Der richtige Ton,  Im Netz

Musik & Du – 019 – Back in Time

Eine neue Runde von Musik & Du. Das Thema im Juli lautet:

Back in Time

Die großen Sport-Events wie die Olympischen Spiele oder Fußball-Welt- und Europameisterschaften haben oft einen Song, der mit diesem großen Ereignis untrennbar verbunden ist. Sei es nun der offizielle Song oder die Songs, die von Medien und Fans gepusht werden – einer bleibt doch meistens im Kopf zurück.. Beispiele gefällig? One Moment in Time (Whitney Houston, Seoul 1988), Un’estate Italiana (Gianna Nannini, WM Italien 1990), Don’t Look Back In Anger (Oasis, EM England 1996), Love Generation (Bob Sinclair, WM Deutschland 2006), 54, 74, 90, 2010 (Sportfreunde Stiller, WM Südafrika 2010), Freed from Desire a.k.a. Will Griggs on Fire (Gala, EM Frankreich 2016).

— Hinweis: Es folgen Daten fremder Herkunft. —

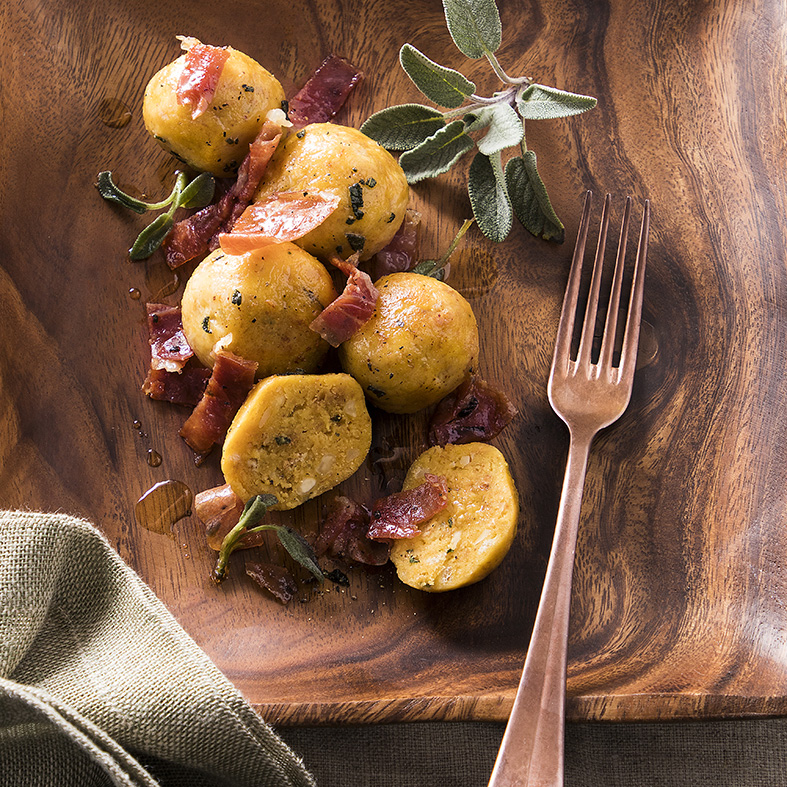 Canederli aux amandes et jambon de Parme

So einen Song hatte auch die Europameisterschaft 2000 in Belgien und den Niederlande. Europameister wurde damals Frankreich mit einem 2:1 im Finale gegen Italien, durch ein Golden Goal von David Trezeguet in der Verlängerung. Ich gebe zu, besonders viel blieb von diesem Turnier nicht in Erinnerung, positiv zumindest.

Außer vielleicht diesem Lied, mit dem das ZDF seine Übertragungen untermalte. Warum sie sich dabei ausgerechnet bei einem amerikanischen Künstler bedienten, wird wohl auf ewig ihr Geheimnis bleiben, aber der Song hatte das, was einen guten Fußball-Song auszeichnete. Er war flott, er war positiv, er war eingängig, er war das, was man als Stadionrock bezeichnen kann. Eine echty Hymne einer Band, deren Ansehen irgendwann zu Unrecht ins Negative kippte. Es war Bon Jovi mit It’s My Life. Und wie könnte man dazu auch nicht lauthals mitsingen?

It’s my life, It’s now or never. I ain’t gonna live forever, I just want to live while I’m alive, It’s my life. My heart is like an open highway, like Frankie said: I did it my way, I just wanna live while I’m alive – It’s my life!

Mit diesem Song kamen Bon Jovi in Deutschland auf Platz 2 der Charts und auf die 1 in Österreich und der Schweiz. Dem deutschen Team brachte er nicht so viel Glück. Unter Erich Ribbeck langte es nur zu einem Unentscheiden und zwei Niederlagen in der Gruppenphase. Negativer Höhepunkt war dabei das 0:3 im letzten Gruppenspiel gegen die B-Elf von Portugal, mit der sich la Mannschaft um Kahn, Matthäus, Deisler, Scholl und Rink aus dem Turnier verabschiedeten. Gruselig.